Kendi merkezi etrafında her gün biraz daha süratle dönmekten başka bir şey yapmayan insan, atlıkarıncada gözlerini kapayan çocuğun kilometrelerce uzaklara gitmesi hayaline benzer bir ilerleme vehmi içindedir.
Yıldızların ve mezarların önünde, sonsuzluk ve yokluk problemlerinin önünde susan ideolojiler, insana kendisini aşan gayeler teklif edemedikleri için, onun kendisiyle kendi arasına hiçbir üstün prensibin ve hiçbir idealin mesafesini koyamamışlardır. İnsanı hedef olarak kendi kendisini gösterince, onu yerinde saymaya mahkûm ettikleri halde koşmasına çalışmak gibi bir imkânsızlıkla karşılaştıklarının farkına varamamışlardır. Bunun sonu yalnız uçakla madde hâlinde göklere çıkmaktan, fakat manen yerde sürünmekten başka ne olabilirdi?

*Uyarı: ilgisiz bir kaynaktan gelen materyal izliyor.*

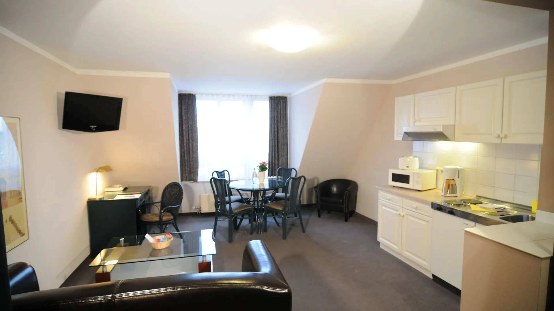 Modern amenities in the allergy-free rooms include a flat-screen TV with satellite channels along with a mini-fridge-bar. The rooms at City Hotel have a modern-style interior.

Ferdiyetçi liberalizm, "ben" ve "biz" arasındaki davada, birincinin müdafaasını yaptıkça, bugünkü sosyal huzursuzluğun temelindeki bencilliğin çatlağını genişletti. Ben kuduzunu azdırdı.
Fertten millete, milletten insana, insandan Allah'a doğru aşmanın merhalelerini idealleştirmeyen ve kendi ölçüsünü yalnız kendisinde (fertte veya külli insan mefhumunda) bulan insanın nasibi bugünkü dünya katastrofundan başka nedir?